Let us first consider $z = -1$. $U = \mathbb{C} \setminus [0,\infty)$ is an open neighborhood of $-1$ in $\mathbb{C}^*$. We have $p^{-1}(U) = \mathbb{C} \setminus p^{-1}([0,\infty)) = \mathbb{C} \setminus \mathbb{R}$. Let $V_+$ and $V_-$ denote the open halfplanes $\text{Im}(z) > 0$ and $\text{Im}(z) < 0$, respectively. They are disjoint and their union is $\mathbb{C} \setminus \mathbb{R}$. Obviously $p$ maps both $V_\pm$ bijectively onto $U$. Since $p$ is an open map, we see that $U$ is evenly covered with sheets $V_\pm$.
For $z \in \mathbb{C}^*$ define $h_z : \mathbb{C}^* \to \mathbb{C}^*, h_z (\zeta) = -z \zeta$. This is a homeomorphism with inverse $h_{1/z}$. We have $h_z(-1) = z$. If $w$ is a square root of $-z$, we get $p(h_w(\zeta)) = w^2 \zeta^2 = -z \zeta^2 = h_z(p(\zeta))$, i.e. $p \circ h_w = h_z \circ p$.

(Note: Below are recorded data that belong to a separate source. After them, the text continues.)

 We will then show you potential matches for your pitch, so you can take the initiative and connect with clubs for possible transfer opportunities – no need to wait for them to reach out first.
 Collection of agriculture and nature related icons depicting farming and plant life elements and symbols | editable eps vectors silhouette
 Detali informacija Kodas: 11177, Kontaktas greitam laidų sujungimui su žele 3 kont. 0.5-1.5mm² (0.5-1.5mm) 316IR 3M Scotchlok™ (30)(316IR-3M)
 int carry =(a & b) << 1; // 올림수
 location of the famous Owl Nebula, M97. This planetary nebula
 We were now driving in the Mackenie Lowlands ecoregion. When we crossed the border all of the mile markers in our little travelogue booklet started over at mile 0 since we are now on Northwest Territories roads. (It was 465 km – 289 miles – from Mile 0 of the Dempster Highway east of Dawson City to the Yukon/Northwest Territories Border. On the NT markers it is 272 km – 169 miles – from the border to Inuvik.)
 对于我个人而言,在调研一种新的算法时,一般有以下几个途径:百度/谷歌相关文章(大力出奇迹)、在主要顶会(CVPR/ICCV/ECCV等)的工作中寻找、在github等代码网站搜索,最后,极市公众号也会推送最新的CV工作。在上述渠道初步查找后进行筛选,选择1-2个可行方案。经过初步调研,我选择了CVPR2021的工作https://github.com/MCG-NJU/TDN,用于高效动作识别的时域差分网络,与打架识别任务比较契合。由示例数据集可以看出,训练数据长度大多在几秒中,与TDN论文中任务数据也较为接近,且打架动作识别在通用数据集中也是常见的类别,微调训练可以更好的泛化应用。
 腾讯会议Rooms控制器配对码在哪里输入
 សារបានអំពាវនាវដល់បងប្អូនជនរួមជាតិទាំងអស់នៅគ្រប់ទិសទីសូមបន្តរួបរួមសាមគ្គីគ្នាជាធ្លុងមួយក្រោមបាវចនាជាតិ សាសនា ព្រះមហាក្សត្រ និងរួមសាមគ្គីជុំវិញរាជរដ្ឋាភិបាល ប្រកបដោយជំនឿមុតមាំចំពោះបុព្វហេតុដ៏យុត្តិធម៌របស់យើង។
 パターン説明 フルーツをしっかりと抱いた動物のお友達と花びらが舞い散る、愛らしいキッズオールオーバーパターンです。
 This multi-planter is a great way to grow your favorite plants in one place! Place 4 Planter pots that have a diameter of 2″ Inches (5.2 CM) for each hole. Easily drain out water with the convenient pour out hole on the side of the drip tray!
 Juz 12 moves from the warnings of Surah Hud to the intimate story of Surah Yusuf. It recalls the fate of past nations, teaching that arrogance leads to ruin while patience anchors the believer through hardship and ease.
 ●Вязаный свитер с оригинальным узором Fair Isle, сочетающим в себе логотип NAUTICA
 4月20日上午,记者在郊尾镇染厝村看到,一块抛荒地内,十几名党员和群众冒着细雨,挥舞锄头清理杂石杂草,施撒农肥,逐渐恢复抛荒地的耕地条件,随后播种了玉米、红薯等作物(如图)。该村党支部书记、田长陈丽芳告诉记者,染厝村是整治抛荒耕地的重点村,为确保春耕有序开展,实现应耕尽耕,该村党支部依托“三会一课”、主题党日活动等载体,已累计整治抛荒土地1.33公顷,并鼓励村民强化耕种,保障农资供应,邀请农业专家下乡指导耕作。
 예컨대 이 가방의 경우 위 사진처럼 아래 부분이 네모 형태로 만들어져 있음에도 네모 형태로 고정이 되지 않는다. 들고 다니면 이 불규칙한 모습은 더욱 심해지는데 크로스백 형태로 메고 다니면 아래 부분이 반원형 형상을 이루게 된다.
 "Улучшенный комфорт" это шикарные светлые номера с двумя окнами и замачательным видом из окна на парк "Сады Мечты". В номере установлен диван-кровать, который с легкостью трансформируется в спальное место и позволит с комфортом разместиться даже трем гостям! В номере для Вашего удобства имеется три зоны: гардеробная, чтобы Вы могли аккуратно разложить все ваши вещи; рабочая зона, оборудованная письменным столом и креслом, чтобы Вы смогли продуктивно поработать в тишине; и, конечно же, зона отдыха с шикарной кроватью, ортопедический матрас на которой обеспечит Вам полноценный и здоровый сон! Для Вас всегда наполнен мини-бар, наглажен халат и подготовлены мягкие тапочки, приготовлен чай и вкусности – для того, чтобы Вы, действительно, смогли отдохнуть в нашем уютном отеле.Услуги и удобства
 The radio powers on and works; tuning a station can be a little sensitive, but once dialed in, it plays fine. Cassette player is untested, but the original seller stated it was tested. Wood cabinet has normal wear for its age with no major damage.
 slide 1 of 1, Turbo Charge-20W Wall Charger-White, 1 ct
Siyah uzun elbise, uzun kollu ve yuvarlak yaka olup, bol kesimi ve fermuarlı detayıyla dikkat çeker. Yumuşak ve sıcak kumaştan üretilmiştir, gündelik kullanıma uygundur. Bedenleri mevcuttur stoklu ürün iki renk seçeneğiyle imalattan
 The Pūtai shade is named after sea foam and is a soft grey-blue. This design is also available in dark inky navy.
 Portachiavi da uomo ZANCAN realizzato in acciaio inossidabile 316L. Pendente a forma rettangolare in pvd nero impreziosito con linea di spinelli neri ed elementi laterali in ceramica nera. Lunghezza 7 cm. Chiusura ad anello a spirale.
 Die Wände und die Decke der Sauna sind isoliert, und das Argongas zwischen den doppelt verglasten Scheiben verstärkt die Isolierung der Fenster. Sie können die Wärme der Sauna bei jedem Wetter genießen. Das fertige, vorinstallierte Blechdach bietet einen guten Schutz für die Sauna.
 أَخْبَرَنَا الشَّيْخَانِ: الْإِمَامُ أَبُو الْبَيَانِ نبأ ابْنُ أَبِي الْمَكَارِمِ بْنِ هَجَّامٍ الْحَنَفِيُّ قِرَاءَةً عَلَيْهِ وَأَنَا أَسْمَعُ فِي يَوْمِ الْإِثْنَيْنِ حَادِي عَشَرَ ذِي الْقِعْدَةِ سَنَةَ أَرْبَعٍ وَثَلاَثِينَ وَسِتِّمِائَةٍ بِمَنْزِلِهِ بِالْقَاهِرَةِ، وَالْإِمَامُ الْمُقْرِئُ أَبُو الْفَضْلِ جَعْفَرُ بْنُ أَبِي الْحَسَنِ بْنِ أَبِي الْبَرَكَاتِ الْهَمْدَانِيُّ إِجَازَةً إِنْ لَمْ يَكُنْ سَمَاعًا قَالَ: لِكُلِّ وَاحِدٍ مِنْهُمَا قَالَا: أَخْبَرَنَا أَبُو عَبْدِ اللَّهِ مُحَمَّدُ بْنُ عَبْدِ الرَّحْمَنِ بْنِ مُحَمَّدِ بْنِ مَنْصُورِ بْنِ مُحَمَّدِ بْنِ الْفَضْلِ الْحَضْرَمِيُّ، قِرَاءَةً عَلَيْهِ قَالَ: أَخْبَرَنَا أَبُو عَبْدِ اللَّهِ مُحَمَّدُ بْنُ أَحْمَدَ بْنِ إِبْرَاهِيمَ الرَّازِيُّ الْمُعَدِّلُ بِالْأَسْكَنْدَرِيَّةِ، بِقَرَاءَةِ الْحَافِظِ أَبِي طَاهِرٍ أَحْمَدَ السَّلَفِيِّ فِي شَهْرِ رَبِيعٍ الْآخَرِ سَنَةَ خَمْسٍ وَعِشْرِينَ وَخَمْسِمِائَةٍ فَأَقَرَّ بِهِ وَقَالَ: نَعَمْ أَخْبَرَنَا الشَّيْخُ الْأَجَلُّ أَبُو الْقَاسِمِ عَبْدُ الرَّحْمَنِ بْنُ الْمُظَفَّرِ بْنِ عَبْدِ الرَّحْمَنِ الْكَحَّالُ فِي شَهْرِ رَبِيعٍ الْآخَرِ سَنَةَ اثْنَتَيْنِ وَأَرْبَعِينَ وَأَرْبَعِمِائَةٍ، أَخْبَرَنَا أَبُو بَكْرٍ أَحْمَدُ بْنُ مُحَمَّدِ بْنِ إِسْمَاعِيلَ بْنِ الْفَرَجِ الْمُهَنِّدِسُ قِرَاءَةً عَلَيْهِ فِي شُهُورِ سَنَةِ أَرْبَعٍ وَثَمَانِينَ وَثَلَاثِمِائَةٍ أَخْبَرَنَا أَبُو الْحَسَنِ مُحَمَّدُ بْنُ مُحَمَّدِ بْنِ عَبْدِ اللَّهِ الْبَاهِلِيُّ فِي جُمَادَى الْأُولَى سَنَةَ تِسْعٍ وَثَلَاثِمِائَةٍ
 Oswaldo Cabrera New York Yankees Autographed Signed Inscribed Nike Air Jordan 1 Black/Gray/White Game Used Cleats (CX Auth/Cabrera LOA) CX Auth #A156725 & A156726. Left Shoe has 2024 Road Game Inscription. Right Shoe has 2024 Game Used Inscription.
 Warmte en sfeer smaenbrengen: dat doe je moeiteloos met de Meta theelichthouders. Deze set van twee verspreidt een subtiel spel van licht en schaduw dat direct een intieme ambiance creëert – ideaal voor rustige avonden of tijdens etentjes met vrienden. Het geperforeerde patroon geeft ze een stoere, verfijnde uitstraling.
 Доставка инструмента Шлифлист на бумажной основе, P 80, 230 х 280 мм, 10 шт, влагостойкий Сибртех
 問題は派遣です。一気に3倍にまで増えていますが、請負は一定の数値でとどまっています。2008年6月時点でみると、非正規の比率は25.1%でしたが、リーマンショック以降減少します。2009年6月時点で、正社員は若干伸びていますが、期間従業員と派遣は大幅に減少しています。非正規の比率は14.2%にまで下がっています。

Now consider an arbitrary $z \in \mathbb{C}^*$. Let $w$ be a square root of $-z$. $U' = h_z(U)$ is an open neighborhood of $z$ and the sets $V'_\pm = h_w(V_\pm)$ are open and disjoint. We have $p(V'_\pm) = p(h_w(V_\pm)) = h_z(p(V_\pm)) = h_z(U) = U'$. Let $p(z_1) = p(z_2)$ with $z_1, z_2$ either in $V'_+$ or in $V'_-$. Let $\zeta_i = h_w^{-1}(z_i) \in V_\pm$. Since $1/w$ is a square root of $-(1/z)$, we get $p(\zeta_i) = p(h_w^{-1}(z_i)) = p(h_{1/w}(z_i)) = h_{1/z}(p(z_i))$, hence $p(\zeta_1) = p(\zeta_2)$ and we conclude $\zeta_1 = \zeta_2$ and thus $z_1 = z_2$. This shows that $p$ is injective on $V'_\pm$. Therefore $p$ maps $V'_\pm$ homeomorphically onto $U'$. It remains to show that $p^{-1}(U') = V'_+ \cup V'_-$. Let $\zeta \in p^{-1}(U')$, i.e. $p(\zeta) \in U' = h_z(U)$. Thus $\zeta^2 = -z \zeta' = w^2 \zeta'$ with some $\zeta' \in U$. We conclude $p(-\zeta/w) = (-\zeta/w)^2 \in U$, hence $-\zeta/w \in V_\pm$. This means $\zeta = h_w(-\zeta/w) \in h_w(V_\pm) = V'_\pm$.
Remark:
This proof is completely elementary. It does not use any theorems of complex analysis. The only ingredients are the continuity of complex multplication and the fact that each complex number has a root (which can be explictly calculated, see How do I get the square root of a complex number? ).